The biggest problem I can foresee for this game is the stigma surrounding the previous release, and the media’s inherent inability to approach something with fresh eyes devoid of whatever has gone before. To say that Two Worlds II is an improvement over Two Worlds would be doing it a gross disservice as it is more of a reinvention than an evolution, and should be treated as such, but the stigma may prevent it from being accepted at its full potential. Had I to personify Two Worlds II, I would liken it to Tom Hanks… from laughable humble beginnings as a stooge in some pretty dreadful comedies, his career evolved to the point where he was quoted as being one of the most influential actors in Hollywood and has scored a series of Oscar nominations and wins. He’s still Tom Hanks, but I’m sure most people will remember him as Forrest Gump than Alex Keaton’s drunken uncle Ned in Family Ties and so hopefully the gaming world will be able to do the same with Two Worlds II and remember it for being a fantastic game in its own right rather than just the follow up to the globally hated Two Worlds.Pros
- Excellent sense of humour, and very self referential at times.
- Huge map with so many places to explore.
- Addition of sailing opens up a new side to the game.
- Graphics are a huge improvement on the previous game.
- Intuitive crafting and spell casting system.
- Entire weapon set and apparel changes from a single d-pad click.
- The shimmering and lack of antialising or anisotropic filtering.
- Having to forfeit a regular weapon slot for a staff to perform spell casting.
- Enemies can sometimes get preoccupied jumping up and down in a corner, albeit rarely.
- Steep difficulty curve at the beginning.
- Glitched quest with "The Ghost's Toll" which prevents maxing out the achievement - please fix!!

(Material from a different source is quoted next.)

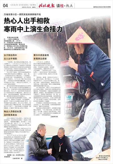 “冯师傅,快点到电动车棚这里来,有人晕倒了!”2月19日上午9点55分,正在万福安居小区值班的广西桂林中大物业服务有限公司的物业项目经理冯明文突然接到了居民的电话。听到对方焦急的声音,冯明文二话不说赶忙来到现场查看情况。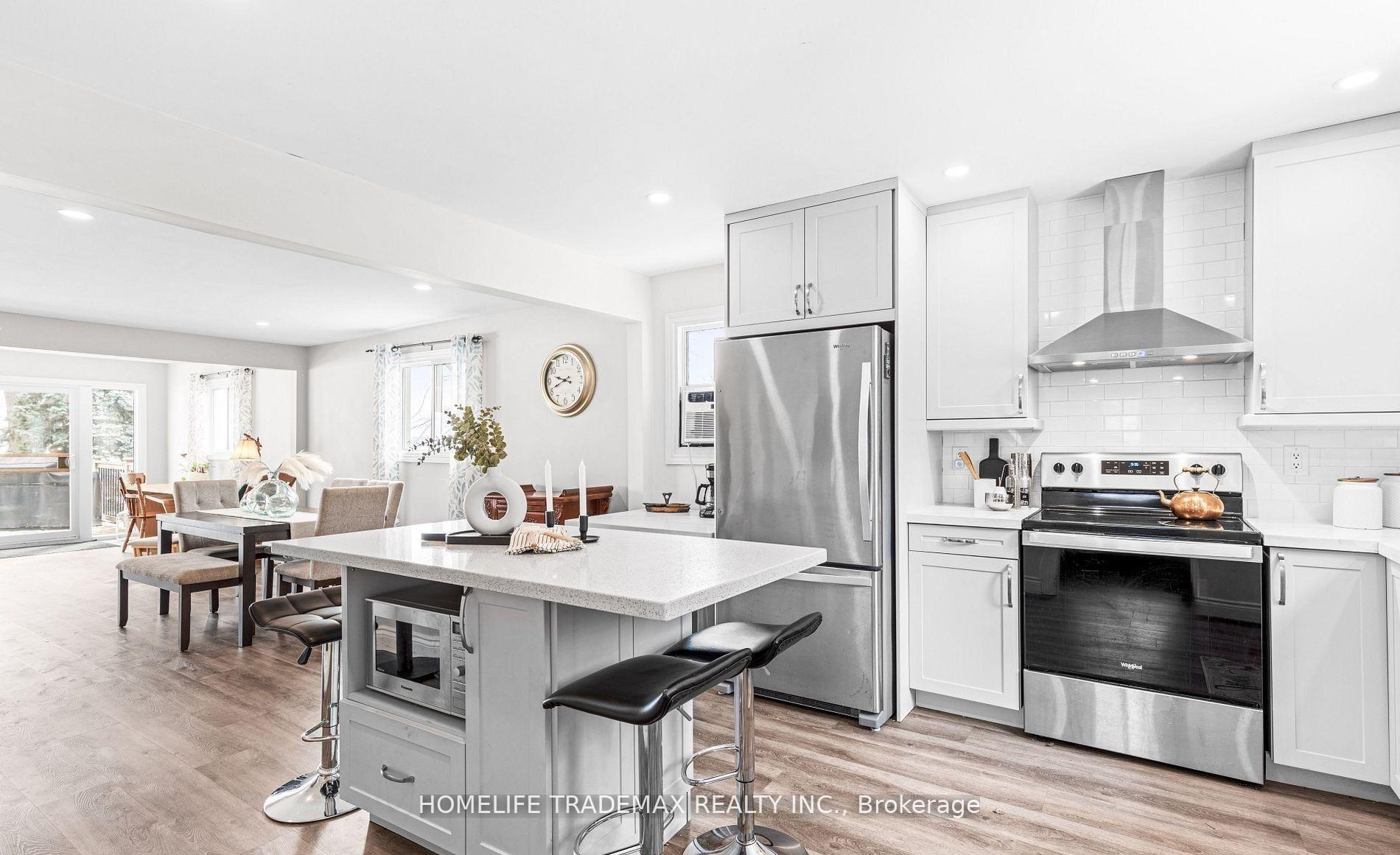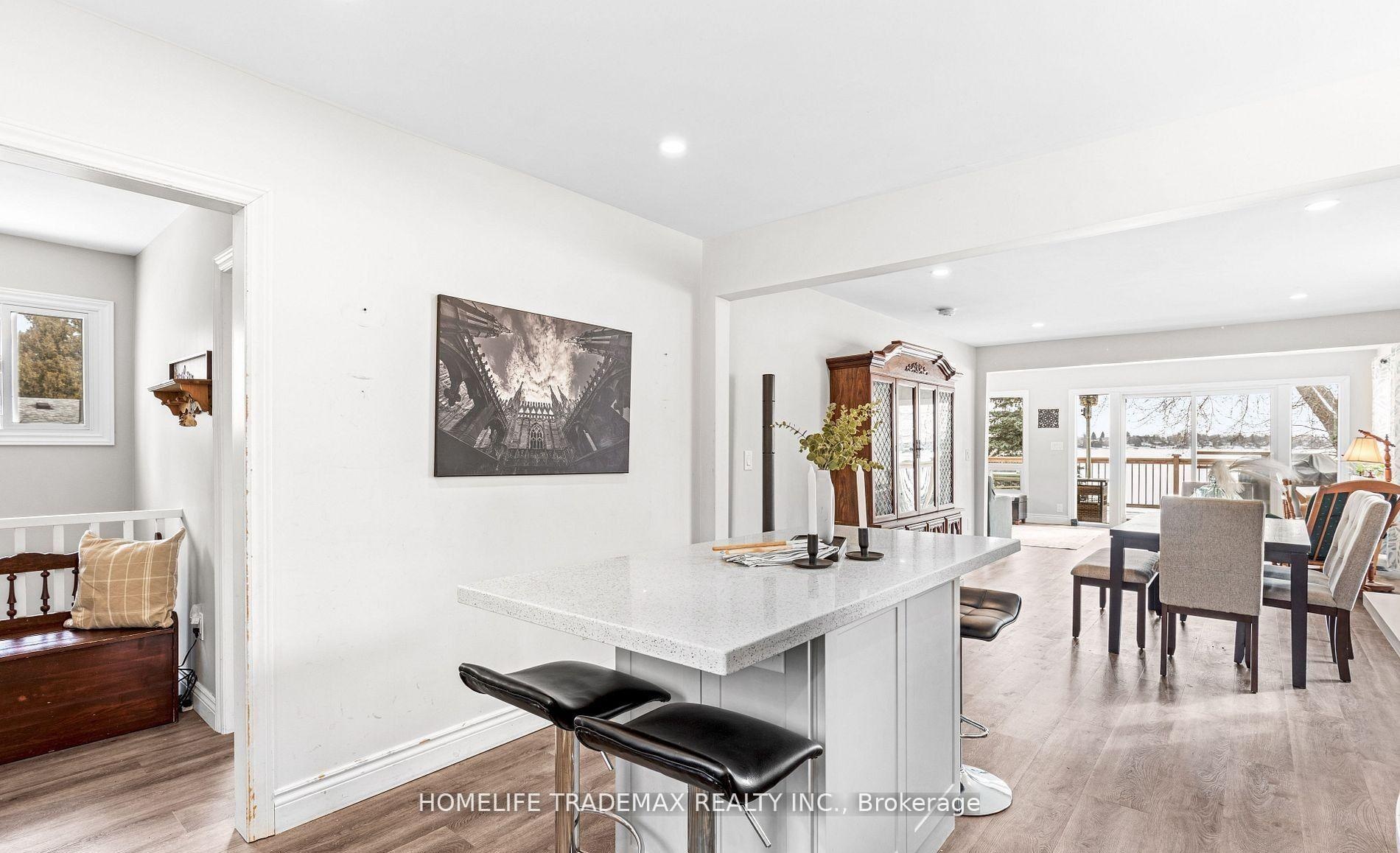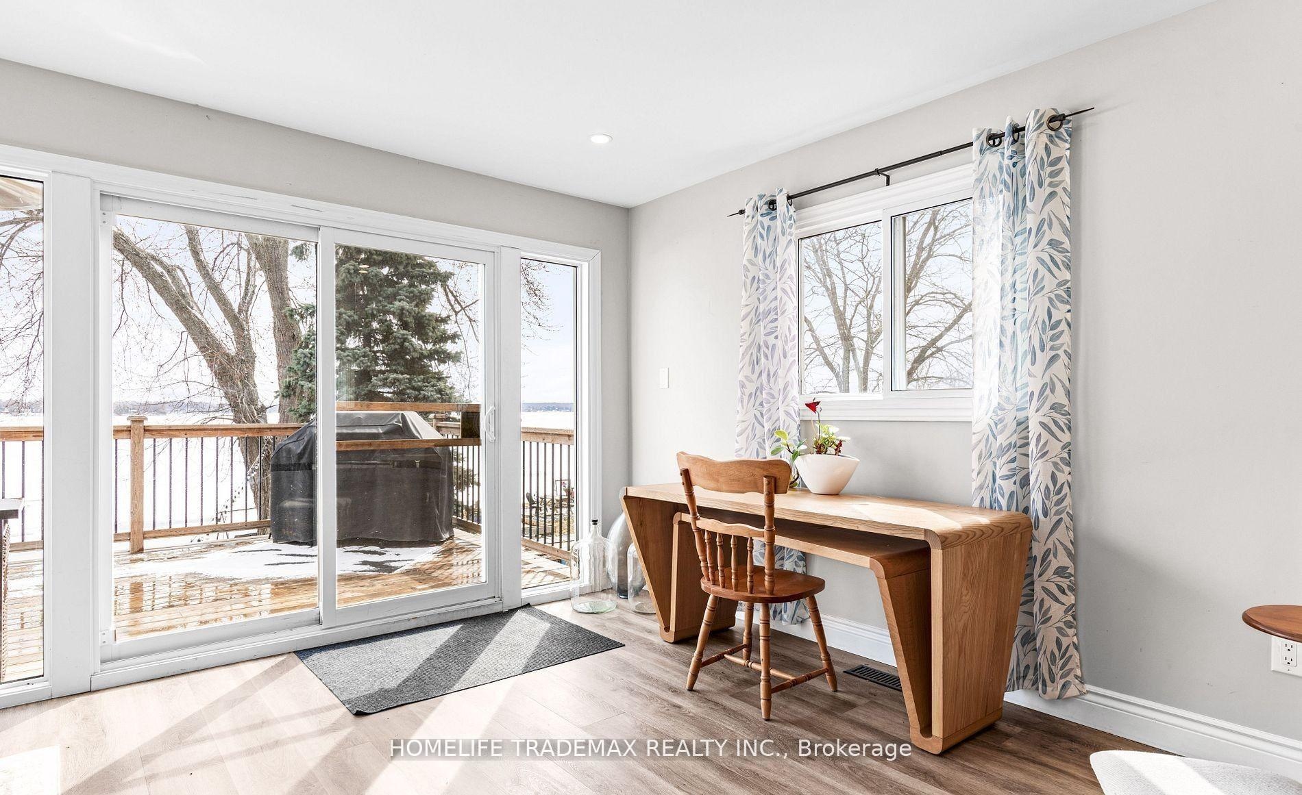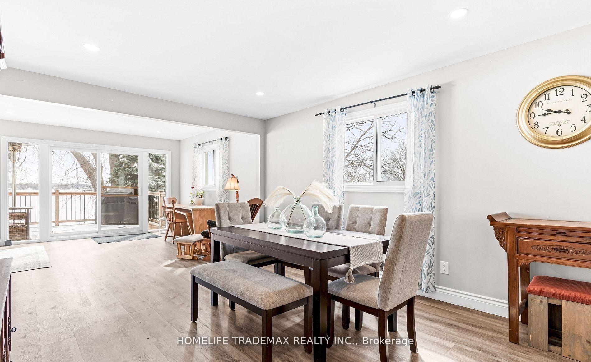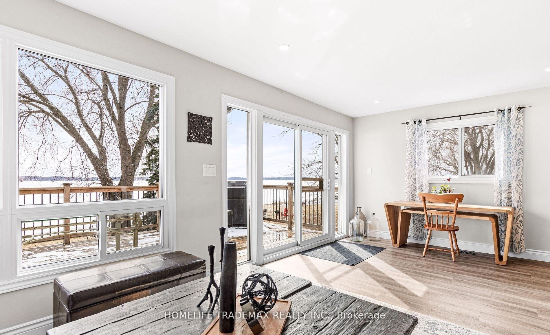 Direct Waterfront - Priced to Sell! Beautifully renovated 3-bedroom, 2-bath home on Lake Scugog, just 10 minutes north of Port Perry. Enjoy unobstructed eastern views, stunning sunrises, and natural light throughout with all levels above grade. Features include a bright open-concept main floor, gourmet kitchen with large center island, luxury vinyl flooring, pot lights, and a spacious primary suite. Upgrades include new deck, windows, and doors. The finished lower level offers a walkout to a covered outdoor area, plus laundry, storage, a detached garage, and a workshop with hydro. Close to schools, parks, shopping, dining, and commuter routes. Experience modern comfort and true lakefront living in one perfect package.

- Would have liked another twenty hours gameplay, and more random respawns considering there is no level cap
Two Worlds II is, in a nutshell, everything that Two Worlds could only ever have dreamed of being. It is less about running around as an errand boy and more an entertaining journey through Antaloor with side quests thrown in along the way to give you something to do on your travels. The voice acting and dialogue have enough cheese to remind you that it IS a Two Worlds game but are executed in such a way that you're not distracted by them at any point. As a lover of Two Worlds and someone who championed it when all around where throwing it on the funeral pyre, it was always at the back of my mind that Two Worlds II would be full of Molyneux hype and very little substance to back it up when it came to getting hands on... but that wasn't the case. Instead, I've been treated to almost eighty hours of enjoyable role playing action and an immersive and touching story line... and that's not counting the forty or so hours spent in various multiplayer modes. Two Worlds II is, in my opinion, well worth the wait and the best RPG I've played since Oblivion.